Determine Whether the Following Sets Form Subspaces of R^3

(a) To show that this set is a subspace of R^3, we need to show that it is closed under vector addition and scalar multiplication. Let's take two vectors in this set, call them u and v: u = (u1, u2, u3) such that u1 + u3 = 1 v = (v1, v2, v3) such that v1 + v3 = 1 Now, let's add these two vectors together: u + v = (u1 + v1, u2 + v2, u3 + v3) We want to show that u + v is also in the set, i.e. (u1 + v1) + (u3 + v3) = 1. But we know that u1 + u3 = 1 and v1 + v3 = 1, so (u1 + v1) + (u3 + v3) = (u1 + u3) + (v1 + v3) = 1 + 1 = 2 So u + v is not in the set, and therefore this set is not closed under vector addition. Thus, it is not a subspace of R^3.
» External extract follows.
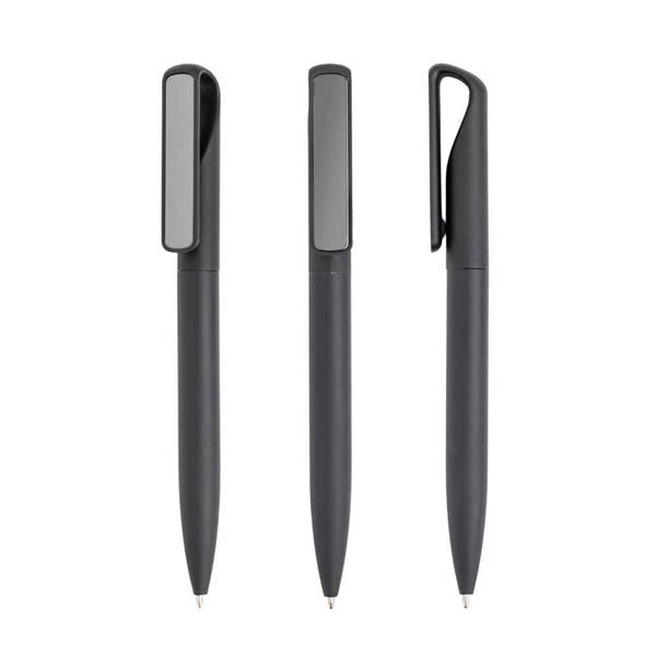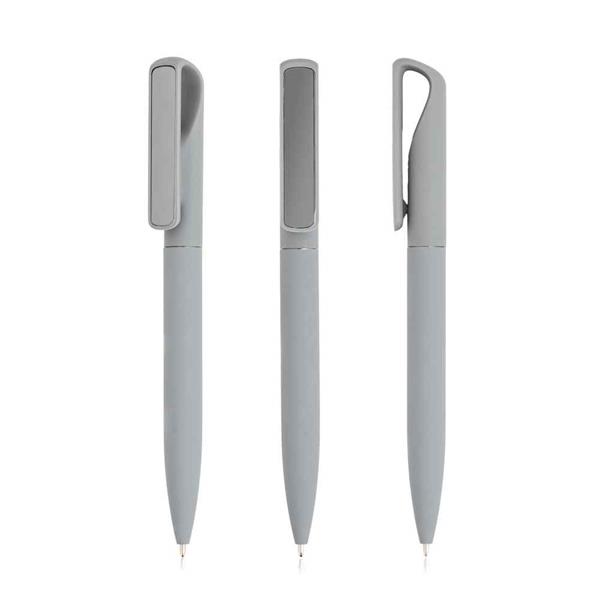 Esferográfica em alumínio, elegante e com acabamento em material emborrachado, para um toque suave e confortável. Possui clip metálico com efeito espelhado que acrescenta um detalhe sofisticado ao design. Escrita a tinta preta, ideal para uso diário no trabalho, escola ou em eventos. Combina estilo e funcionalidade.
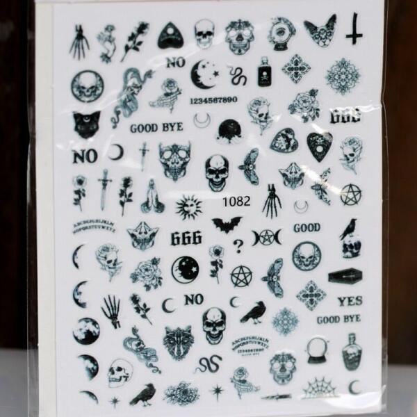 Körömmatrica Halloween ünnepi mintákkal 3D-s kivitelben. Színes körömminták a praktikus, egyszerű körömdíszítésért. Ragasztó réteggel ellátott matrica, önmagában is kitűnő dekoráció.

(b) Let's take two vectors in this set, call them u and v: u = (u1, u2, u3) such that u1 = u2 = u3 v = (v1, v2, v3) such that v1 = v2 = v3 Now, let's add these two vectors together: u + v = (u1 + v1, u2 + v2, u3 + v3) We want to show that u + v is also in the set, i.e. (u1 + v1) = (u2 + v2) = (u3 + v3). But we know that u1 = u2 = u3 and v1 = v2 = v3, so (u1 + v1) = (u2 + v2) = (u3 + v3) Thus, u + v is in the set. Now, let's take a scalar c and a vector u in the set: u = (u1, u2, u3) such that u1 = u2 = u3 cu = (cu1, cu2, cu3) We want to show that cu is also in the set, i.e. cu1 = cu2 = cu3. But we know that u1 = u2 = u3, so cu1 = cu2 = cu3 Thus, cu is in the set. Therefore, this set is closed under vector addition and scalar multiplication, and is a subspace of R^3.
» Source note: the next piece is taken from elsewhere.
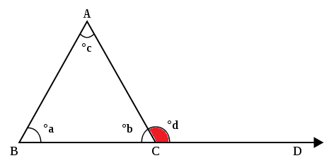 زاویه بین یکی از اضلاع یک چند ضلعی و امتداد ضلع مجاور آن.
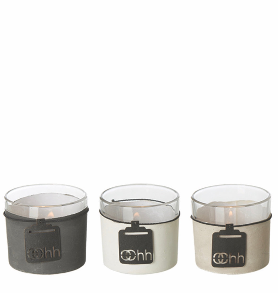 Teelichthalter Zement/Glas, in 3 Farben

(c) Let's take two vectors in this set, call them u and v: u = (u1, u2, u3) such that u3 = u1 + u2 v = (v1, v2, v3) such that v3 = v1 + v2 Now, let's add these two vectors together: u + v = (u1 + v1, u2 + v2, u3 + v3) We want to show that u + v is also in the set, i.e. (u1 + v1) + (u2 + v2) = (u1 + v1) + (u2 + v2). But we know that u3 = u1 + u2 and v3 = v1 + v2, so u3 + v3 = (u1 + u2) + (v1 + v2) = (u1 + v1) + (u2 + v2) Thus, u + v is in the set. Now, let's take a scalar c and a vector u in the set: u = (u1, u2, u3) such that u3 = u1 + u2 cu = (cu1, cu2, cu3) We want to show that cu is also in the set, i.e. cu3 = cu1 + cu2. But we know that u3 = u1 + u2, so cu3 = c(u1 + u2) = cu1 + cu2 Thus, cu is in the set. Therefore, this set is closed under vector addition and scalar multiplication, and is a subspace of R^3.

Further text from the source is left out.